One tech investor isn’t buying the corporate spin about AI boosting workers.
“Big companies talk about, like, ‘AI isn’t replacing people, it’s augmenting them,'” said Victor Lazarte, a general partner at Benchmark — the venture capital firm that has backed big names like Uber, Asana, Snap, and WeWork.
“This is bullshit. It’s fully replacing people,” he added.
Lazarte said on an episode of the Twenty Minute VC podcast published Monday that two professions should be especially nervous about AI: lawyers and recruiters.
He said law school students should think about what they could do three years from now that AI could not.
“There’s not going to be that many things,” he said.
Fresh associates often do law’s grunt work, and the legal tech industry is buzzing about how AI could cut down busywork.
Lazarte also said that AI models will soon be better than people at interviewing candidates — and far more efficient than companies’ messy, manual hiring processes.
Lawyers and recruiters are feeling the pressure
Legal and recruiting fields are already being reshaped by AI.
In March, an employment lawyer told Business Insider’s Melia Russell at a legal tech conference: “Lawyers are dinosaurs.”
“Lawyers need to wake up,” said Todd Itami, an attorney at the large legal defense firm Covington & Burling. Learning to use artificial intelligence was “imperative” for their success, he added.
On the recruitment front, startups are trying to automate the hiring process.
In March, BI reported that OptimHire — a startup using AI to replace job recruiters — had raised $5 million. The company says its AI agent, OptimAI Recruiter, can source candidates, conduct screening calls, and schedule interviews for hiring managers, reducing the time and cost of filling open roles.

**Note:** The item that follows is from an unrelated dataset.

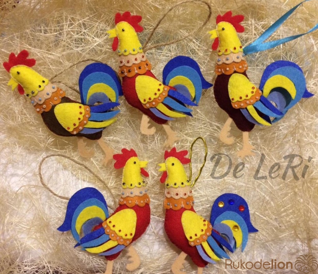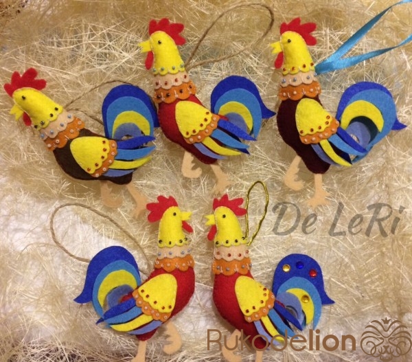 Петушки выполнены по мк Иголкиной. Материал разноцветный фетр,бисер,синтепон.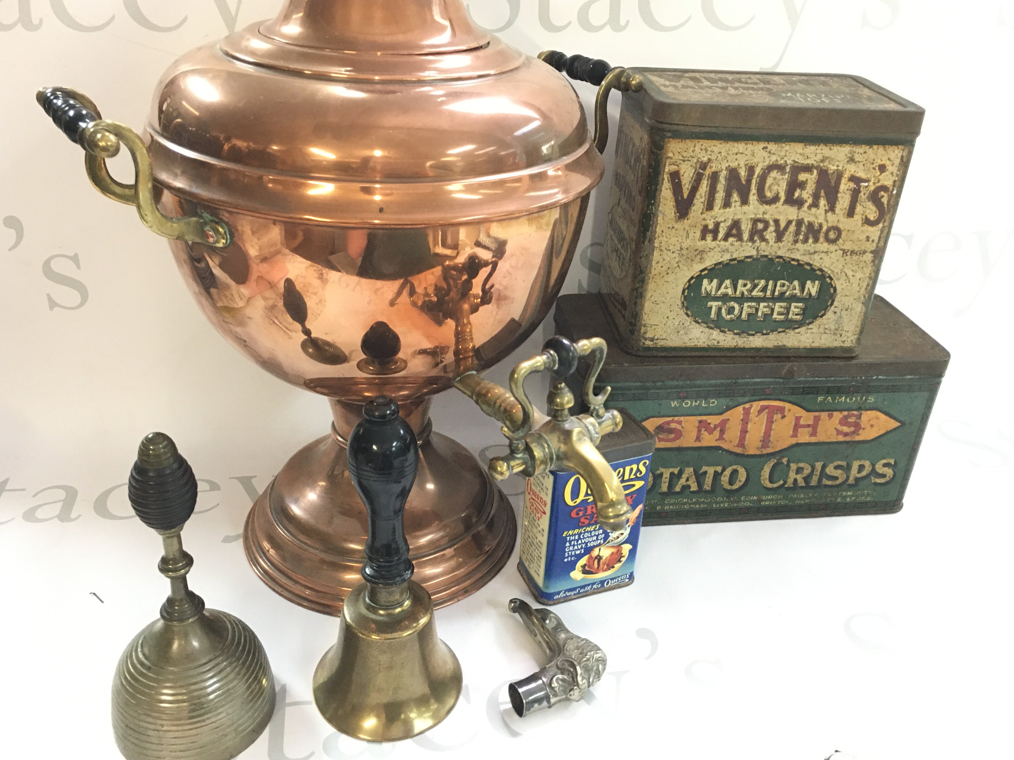 A copper Samovar, vintage tins, bells and a silver plated lion design walking stick topper. Samovar 36cm tall. Postage category C

BI reported in 2023 that HR and recruitment teams are increasingly using AI tools at multiple stages of the hiring process, from reviewing résumés to short-listing candidates. Tech leaders predicted the tools would make the hiring process faster for HR workers and could even prove valuable to job seekers.
Smaller teams, bigger profits?
While AI might be coming for jobs, Lazarte said it’s also going to supercharge companies.
With costs slashed and productivity soaring, companies will become more valuable — and much smaller.
“You’re going to have these trillion-dollar companies being done by very small teams,” he said. “People that own shares will get richer, founders will get way richer.”
But he warned that the rise of ultra-lean, AI-powered businesses could be a double-edged sword.
It could also be a “very destabilizing force,” Lazarte said, adding that these AI-powered businesses could unlock massive value for society but also risk deepening inequality.
And Lazarte doesn’t think AI’s influence will stop at the office.
“Pretty soon we’re going to have an app that just tells us what to do all day — and we’re going to love it,” he said. “We’ll be obedient to machines.”